Once the ceremony was over, teachers milled about the theater, clutching oversize bouquets of flowers and drinking cranberry punch. Standing near the podium was Katz, now a part-time middle school counselor, who described Villaraigosa as someone who was like so many other kids — without a father and floundering academically, yet with great potential.
Katz said he told Villaraigosa recently that taking over the district would be “like quicksand.” And he offered a different view on the state of the school district, saying it has great teachers and bad teachers, schools that win the national Academic Decathlon and schools burdened by “outside influences,” ones that make it hard for children to learn.
“These people all have great hearts,” Katz said, referring to the room full of high school teachers. “But we’ve gotten to the point now where all we do is test kids. Testing, testing, testing, testing, and forgetting what education is all about. It’s not about testing kids all the time. It’s about people working with kids, encouraging kids, inspiring kids. That’s what it’s all about. And I think that’s happening in L.A. Unified. I know Antonio feels very strongly that the bureaucracy is holding them down. Maybe he’s right, maybe he’s not right.”
Los Angeles Unified School District is not a place where the city’s elite tend to send their children. Villaraigosa, for example, placed one daughter in a Pasadena parochial school and his son, Antonio Jr., at Loyola High School, a Catholic school that charges $8,800 annually.
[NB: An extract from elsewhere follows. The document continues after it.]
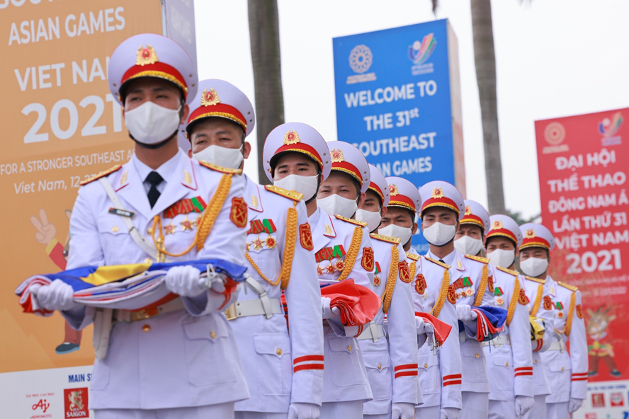 Phát biểu tại lễ thượng cờ, Thứ trưởng Bộ Văn hóa - Thể thao và Du lịch Hoàng Đạo Cương thay mặt Ban tổ chức nhiệt liệt chào đón hơn 8.000 quan chức, huấn luyện viên, vận động viên tham dự SEA Games 31 do Việt Nam đăng cai.

School-board president Marlene Canter, the woman who stands as the district’s most public defender, sent one child to the private Brentwood High School and another to Harvard-Westlake, which now charges $24,200 per year for tuition.
L.A. Unified doesn't attract much of the middle class, either. District statistics show that 86 percent of its elementary school students, or nearly nine out of 10, qualify for free or reduced-price lunches. Half of all elementary students, and roughly a third of the upper grades, are still learning English.
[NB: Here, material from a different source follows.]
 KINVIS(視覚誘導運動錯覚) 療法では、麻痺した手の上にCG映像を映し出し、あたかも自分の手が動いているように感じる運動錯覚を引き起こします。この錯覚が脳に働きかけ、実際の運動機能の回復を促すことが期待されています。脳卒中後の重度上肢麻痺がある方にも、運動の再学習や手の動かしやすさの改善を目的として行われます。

With the vast majority of upper- and middle-class parents opting out, a disproportionate share of the advocacy work in L.A. Unified has fallen to the teachers’ union, which has its own agenda and has not hesitated to spend hundreds of thousands on behalf of a single school board candidate. The only check on UTLA’s power in recent years has come from former Mayor Richard Riordan, a wealthy advocate of mayoral control who bankrolled his own slate of candidates in 1999 and unseated three union-backed board members. If L.A. Unified is turned over to the mayor, the teachers’ union will be left with a considerably smaller share of electoral power, getting in line behind other special interests that raise money for mayoral candidates — real estate developers, high-priced law firms, private contractors and other employee unions.
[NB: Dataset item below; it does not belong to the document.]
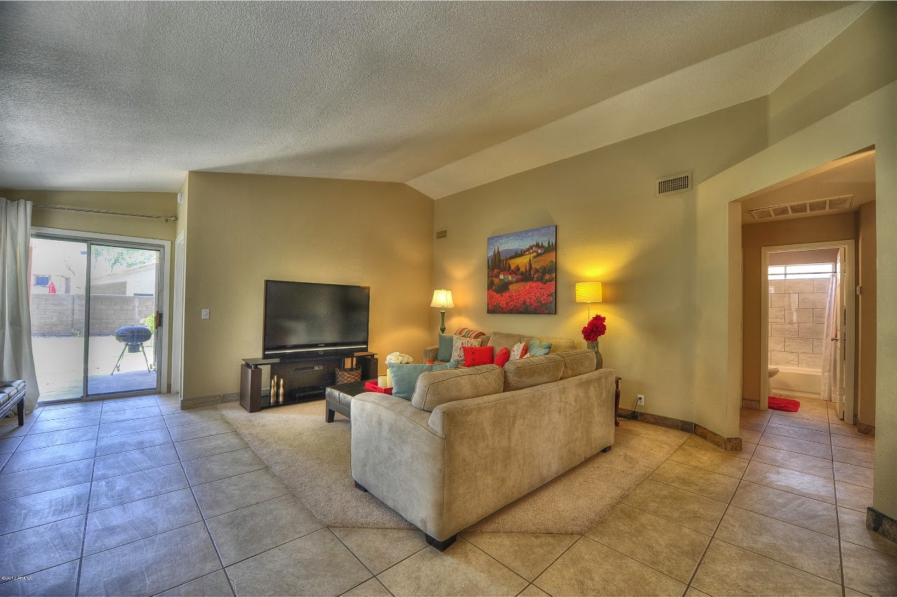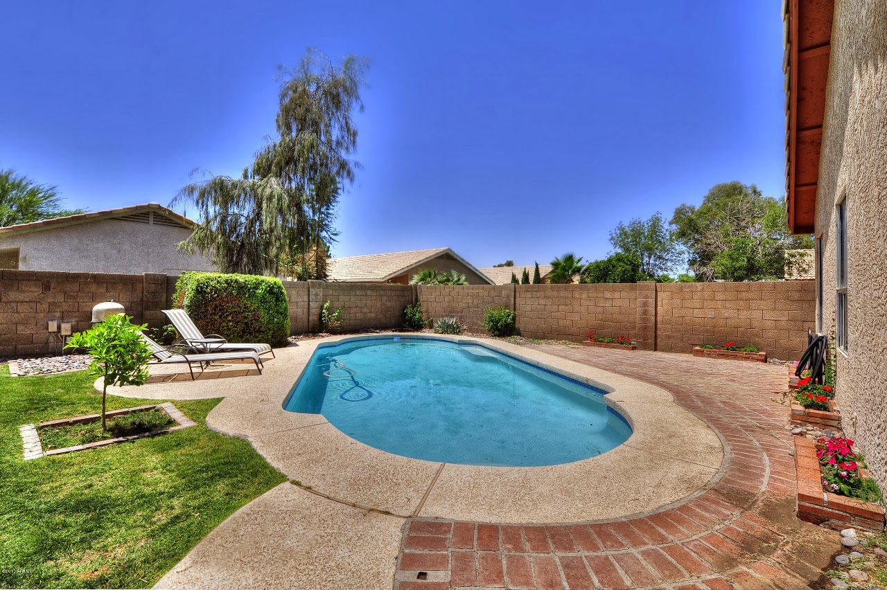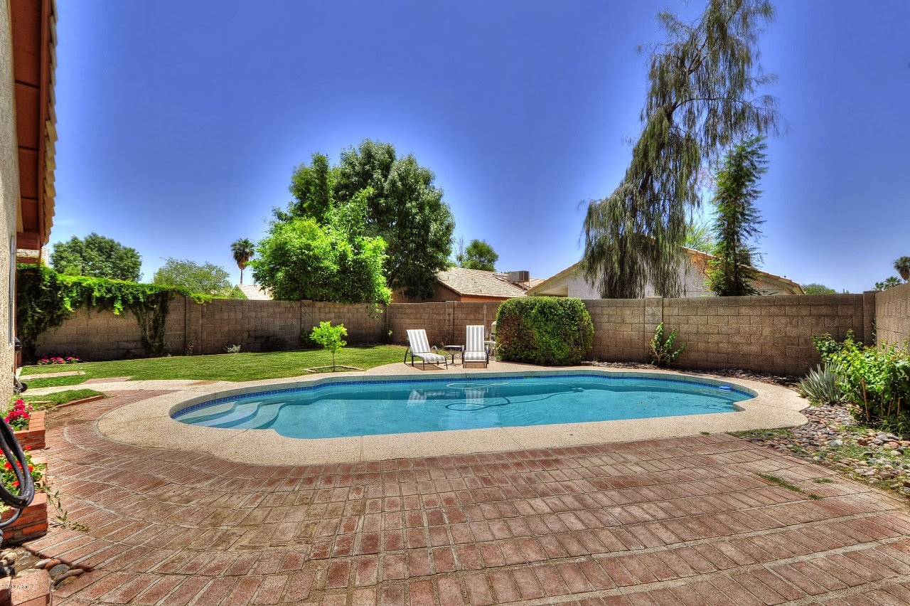 Yup, a two car garage and a pool! Here are the pre-purchase pictures of the place. It doesn’t look quite as good now – the flowers along the sides of the house had to be removed to treat for TERMITES (turns out there are two kinds of houses here – those that have ’em and those that will have ’em). Plus of course, now my sparse furniture is in here… Well, I bought some of what was here, so new pictures might show some familiar scenes.

Then there is the district’s enormous size. For City Hall, taking over L.A. Unified would be akin to a python swallowing a pig — a slow, laborious process that would likely be unpleasant to watch. The task could distract the attentions of even the most multitasking of mayors. After all, the school district is larger geographically than the city of L.A. itself, covering 26 cities outside Los Angeles, and unincorporated communities of Los Angeles County, including Rancho Dominguez, Firestone and East Los Angeles. L.A. Unified has half a million more residents and twice as big a budget — $13.3 billion compared to City Hall’s $6.7 billion. Villaraigosa would also take responsibility for a massive school-construction program valued at nearly three times the city’s annual budget.
Initial drafts of Villaraigosa’s education plan included proposals for selling off L.A. Unified’s downtown headquarters at 333 S. Beaudry Ave. and shifting power to 70, 80, or even 100 local superintendents. Whether the mayor would expand his own staff to handle the expanded public-education duties is not yet spelled out. But given his intense focus on schools, it’s hard to envision a City Hall that would forgo its own formidable education bureaucracy, said Assemblywoman Jackie Goldberg, a foe of mayoral control.
“There’s always a schizophrenia about takeover,” she said. “The schizophrenia is, ‘I want to get the [L.A. Unified] bureaucracy reduced downtown, but I want to run everything from City Hall.’ Well, hold it. Are you for decentralized decision making? Or are you just moving the bureaucracy from one building to another?”
Politics is about stagecraft, and in that arena, Villaraigosa consistently wins. He has a beefed-up office of public-relations advisers who craft photo ops, e-mail his speeches, and schedule frequent stops at churches and schools, dinners and conferences — all potential audiences to hear his pitch for mayoral control. Partly because he is mayor, and partly because he has a wildly magnetic personality, Villaraigosa consistently draws a clutch of reporters to his media events — attention that is extremely rare at, say, a school board meeting. That disparity causes some reformers to argue that mayoral control will instantly bring a more intense public focus to L.A.’s public schools. Villaraigosa actively encourages that idea, saying school board members fly too far under the radar.